Data Lake API
Internal API for querying the AINative data lakehouse. Agents use these endpoints to access their own performance data, platform metrics, and external data sources stored as Parquet files in MinIO (S3-compatible object storage).
Architecture
External Data / Platform DB
|
v
Celery Beat (scheduled tasks)
|
v
Celery Worker
|
v
PyArrow Table (in-memory)
|
v
Parquet (Snappy compression)
|
v
MinIO S3 (ainative-lake bucket)
|
v
DuckDB (query engine, read_parquet over S3)
|
v
JSON response to caller
Data Flow
- Collection/Export -- Celery tasks run on a Beat schedule (or are triggered manually). Each task queries a data source (Postgres tables, external APIs, etc.) and produces a PyArrow Table.
- Storage -- The PyArrow Table is serialized to Parquet with Snappy compression and written to MinIO at a deterministic path:
raw/{partition}/date={YYYY-MM-DD}/data.parquet. - Query -- The lake query endpoint accepts SQL, rewrites table names to
read_parquet('s3://ainative-lake/raw/{partition}/date=*/*.parquet')globs, and executes via DuckDB with the httpfs extension pointed at MinIO.
Bucket Structure
ainative-lake/
├── raw/ # Source-of-truth snapshots (append-only)
│ ├── agent_run_log/
│ ├── mcp_request_logs/
│ ├── platform/ # Platform intelligence layer
│ │ ├── llm_token_usage/
│ │ ├── agent_heartbeats/
│ │ └── ...
│ ├── external/ # External data sources
│ │ ├── slack/
│ │ ├── scc/
│ │ └── ...
│ └── business/ # Business app exports
│ ├── crm/
│ ├── commerce/
│ └── voice/
├── derived/ # Computed aggregates
│ ├── intelligence_scores/
│ ├── velocity_metrics/
│ └── predictions/
└── exports/ # One-off exports (TTL: 7 days)
Endpoints
POST /api/v1/internal/lake/query
Query lake partitions using SQL. Only SELECT queries are permitted.
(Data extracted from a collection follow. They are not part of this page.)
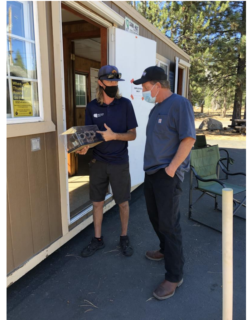
Agenda Item VIII.A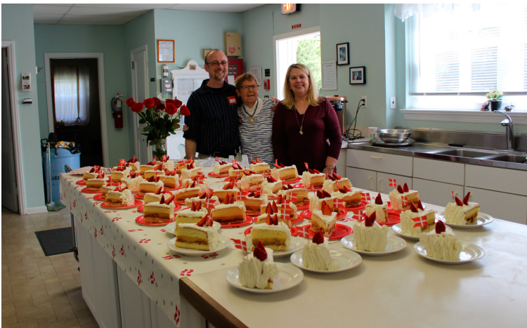
Danish District conventions always include food and an adult beverage or two – and of course dessert.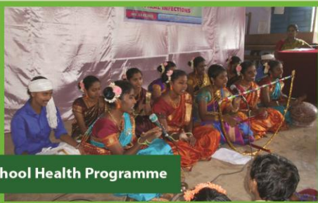
School Health Programme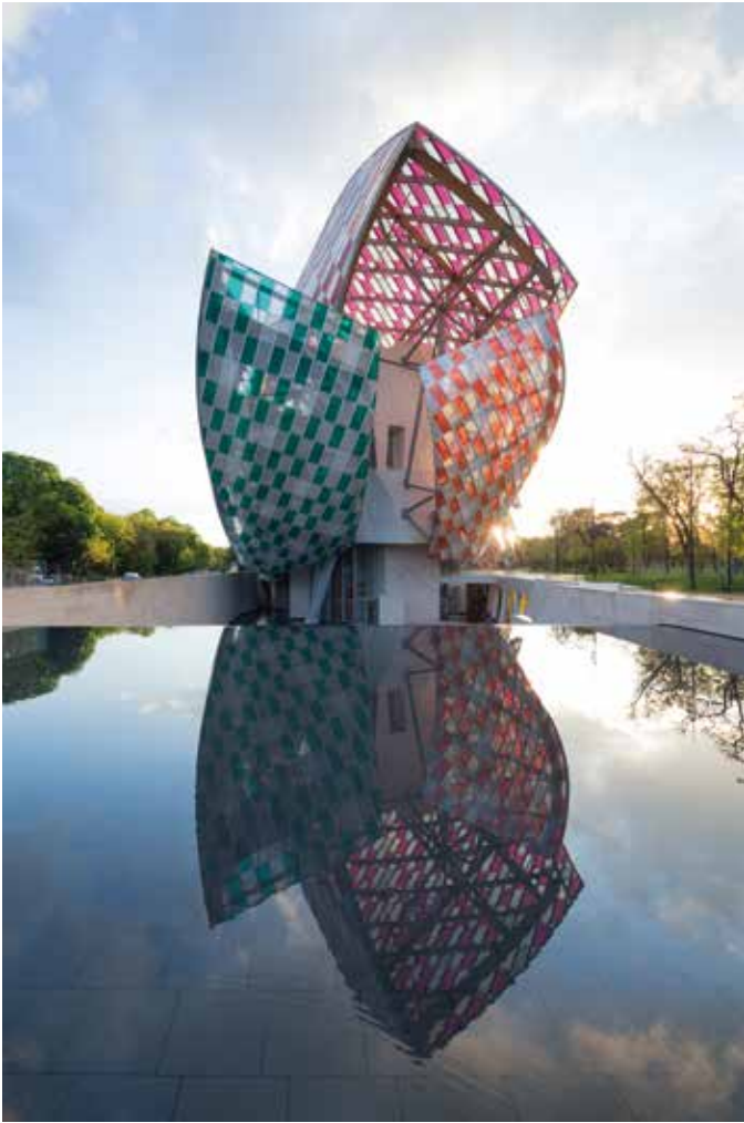
Photo-souvenir: Daniel Buren, «L'Observatoire de la lumière», work in situ, Fondation Louis Vuitton, Paris, 2016. Detail.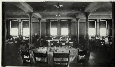
HEPBURN HALL DINING ROOM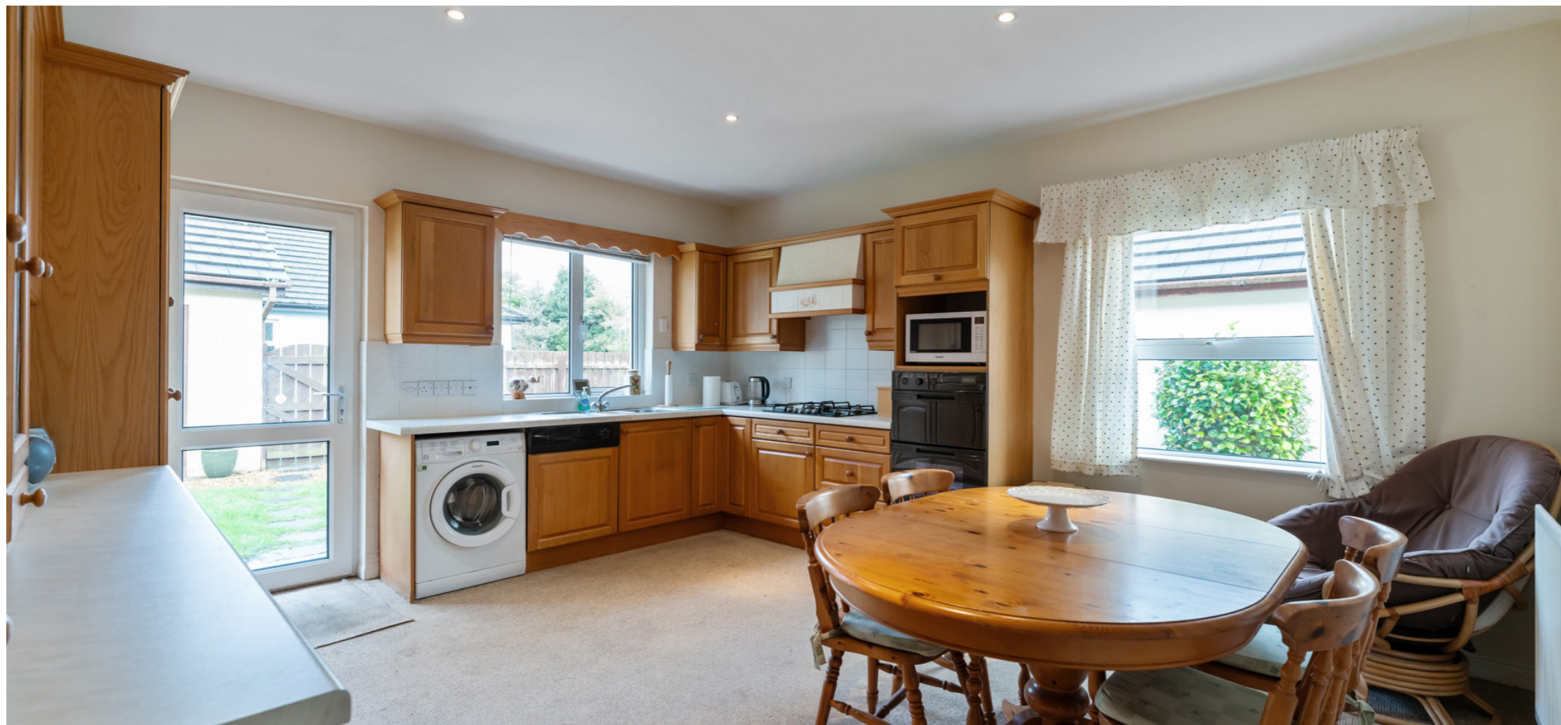
Kitchen with dining area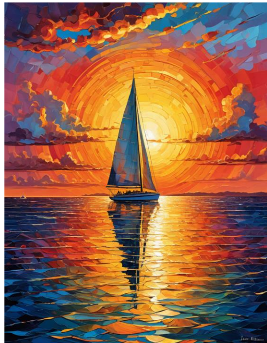
Color Play 24 by Jrp78624 (USA)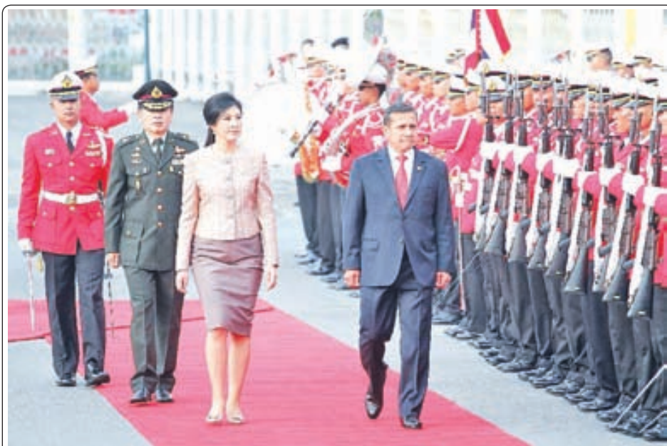
Thai Prime Minister Yingluck Shinawatra (front, L) and visiting Peruvian President Ollanta Humala (front, R) review an honor guard during a welcoming ceremony at the Government House in Bangkok, Thailand, on 5 Oct, 2013. The Peruvian president is on a visit to Thailand on 4 October to 5 October.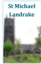
St Michael Landrake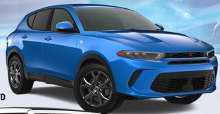
2024 DODGE HORNET R/T EAWD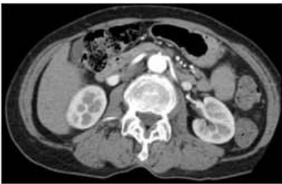
CT image showing internal body structures

Both CT and conventional x-rays take pictures of internal body structures. In conventional x-rays, the structures overlap. For example, the ribs overlay the lung and heart. In an x-ray, structures of medical concern are often obscured by other organs or bones, making diagnosis difficult.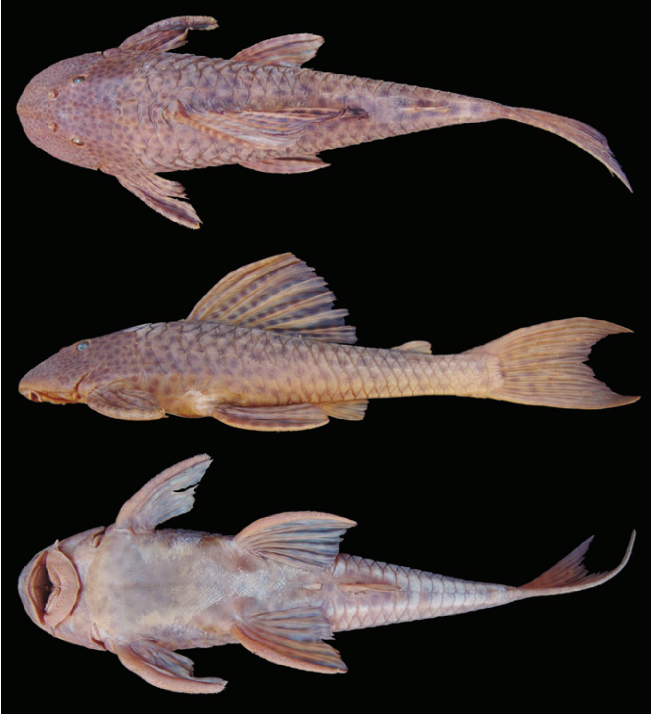
Fig. 4. Hypostomus derbyi , NUP 677, 230.6 mm SL, Salto Caxias reservoir, rio Iguaçu, Municipality of Capitão de Leônidas Marques/Nova Prata do Iguaçu, Paraná, Brazil.

near its foz at Caxias reservoir, Municipality of Cruzeiro do Iguaçu/Nova Prata do Iguaçu, 25°34'27"S 53°05'49"W, 20 Jan 1999, Nupélia. NUP 1828, 7, 184.0-224.0 mm SL, Salto Caxias reservoir, rio Iguaçu, Municipality of Capitão de Leônidas Marques/Nova Prata do Iguaçu, 25°32'12"S 53°29'11"W. Nupélia. NUP 2541, 6, 129.8-270.0 mm SL, Foz do Areia reservoir, rio Areia, Municipality of Cruz Machado/Bituruna, 26°00'05"S 51°39'23"W, 27 Oct 1998, Nupélia. NUP 2542,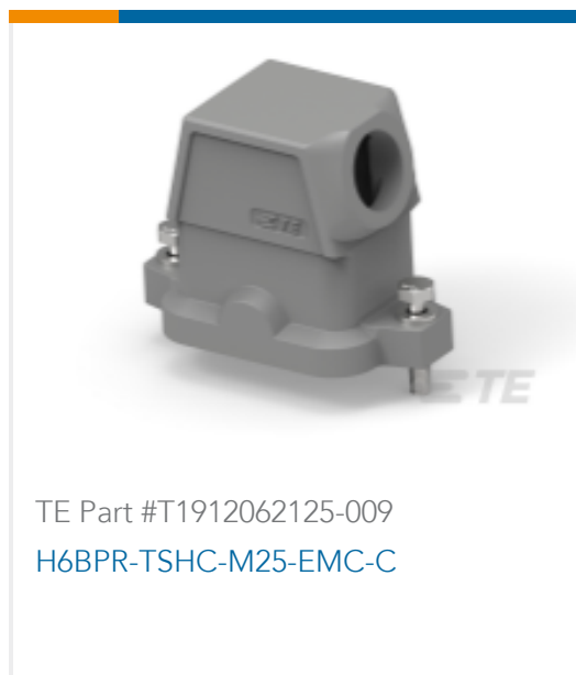
TE Part #T1912062125-009 H6BPR-TSHC-M25-EMC-C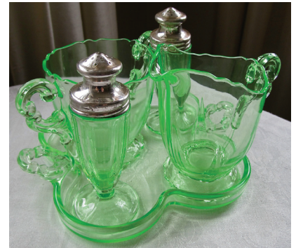
Condiment set with 3400 cream, sugar, S&P with 973 tray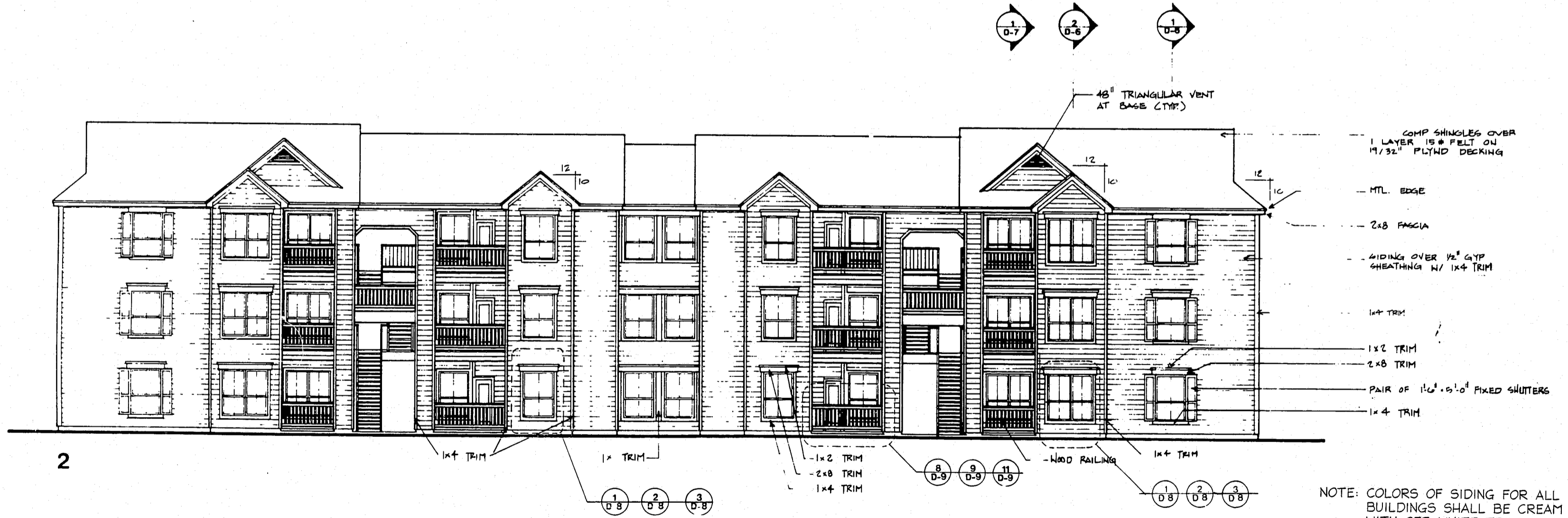
2 FRONT and REAR ELEVATION

NOTE: COLORS OF SIDING FOR ALL BUILDINGS SHALL BE CREAM WITH OFF-WHITE TRIM.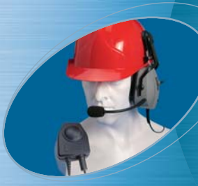
■ CHP750HS ▲ CHP950HS

*Used to charge ATEX models in a non hazardous-environment

Table names in the SQL are automatically rewritten to read_parquet() calls against MinIO.
Request
{
"sql": "SELECT agent_id, COUNT(*) as runs FROM agent_run_log GROUP BY agent_id",
"limit": 100
}
| Field | Type | Required | Default | Constraints |
|---|---|---|---|---|
| sql | string | yes | -- | 10-4000 chars, SELECT only |
| limit | int | no | 100 | 1-1000 |
Response
{
"columns": ["agent_id", "runs"],
"rows": [
["aurora", 142],
["sage", 98]
],
"row_count": 2,
"source": "lake",
"partition": "agent_run_log"
}
| Field | Type | Description |
|---|---|---|
| columns | list[str] | Column names from the result set |
| rows | list[list] | Row data as nested arrays |
| row_count | int | Number of rows returned |
| source | string | "lake" on success, "unavailable" if query failed |
| partition | string/null | The matched partition name, or null |
SQL Table Name Mapping
In your SQL, use the partition name with slashes replaced by underscores. The endpoint rewrites these to S3 glob paths automatically.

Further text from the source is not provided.